Hello, and thanks for visiting my webpage. I am a highly experienced data scientist with 10+ years of experience in quantitative and data analytics.
I have significant experience in the full machine learning lifecycle: data gathering and analysis, modeling and production.
On this page you'll find an overview of my expertise, data science projects, the tools I used and links to the underlying code and data.Experince with a wide variety of machine learning techniques including: classification methods, clustering methods, regression techniques, neural networks, ensemble and tree methods, logistic and linear regression, support vector machines.
Sentiment analysis, language models, topic modeling and deep learning.
Expertise in the full data science stack including: Pandas, Scikit-learn, Tensorflow, Keras
Amazon Web Serices and Google Cloud Platform experience.
Worked with Hadoop, Spark, PySpark in large organizations to implement modeling and big data solutions.
Below are some of the projects that I've worked on using a variety of data analysis and machine learning tools and techniques. They cover a variety of subjects and tools. Links to the github repo with the jupyter notebook and the original data sources are provided.
Using a corpus of over 1 million news articles we developed a tensorflow based model to summarize news headlines. The model used cutting edge Python libraries for natural language processing and AI.
In this project I used Google cloud platform to determine the usage of Ford Go Bikes in SF. The main focus of the project was the usage of bikes and the level of usage during commuter hours. Visualizations were done in matplotlib.
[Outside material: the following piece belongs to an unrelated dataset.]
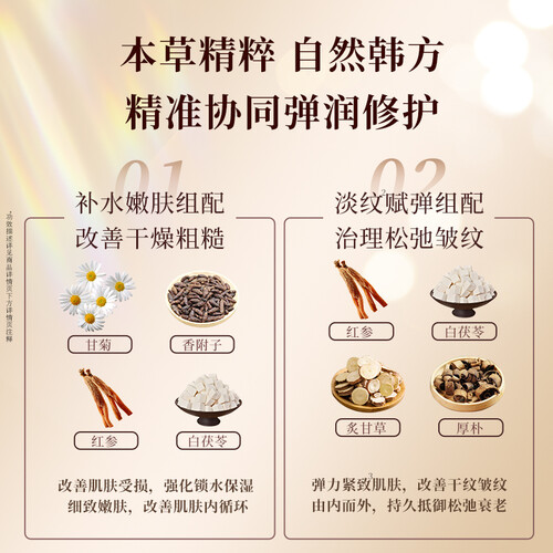 甄选高丽红参精粹与多种珍贵草本成分,带来丰富修护能量,达到稳定淡纹效果。同时深入肌底,由内而外收紧肌肤,告别松弛垮脸。

In this project I used gradient boosting machines to predict house prices on a Kaggle dataset. I explored three techniques: linear regression (as a baseline), random forests and gradient boosting machines. The notebook with the analysis and results is available on the github.
Using publicly available tax revenue data at the zip code level, we explored the distribution of income tax. The analysis explores which zip codes pay the highest and lowest income, which states generate the most tax revenue and contribute the highest level of per capita tax revenue.
Using data from Kaggle this project looks at how to predict the type of a tree in a forest from topographic attributes of the region. We explored several classifiers including logistic regression, multi-layer neural networks, support vector machines, random forests and gradient boosting trees.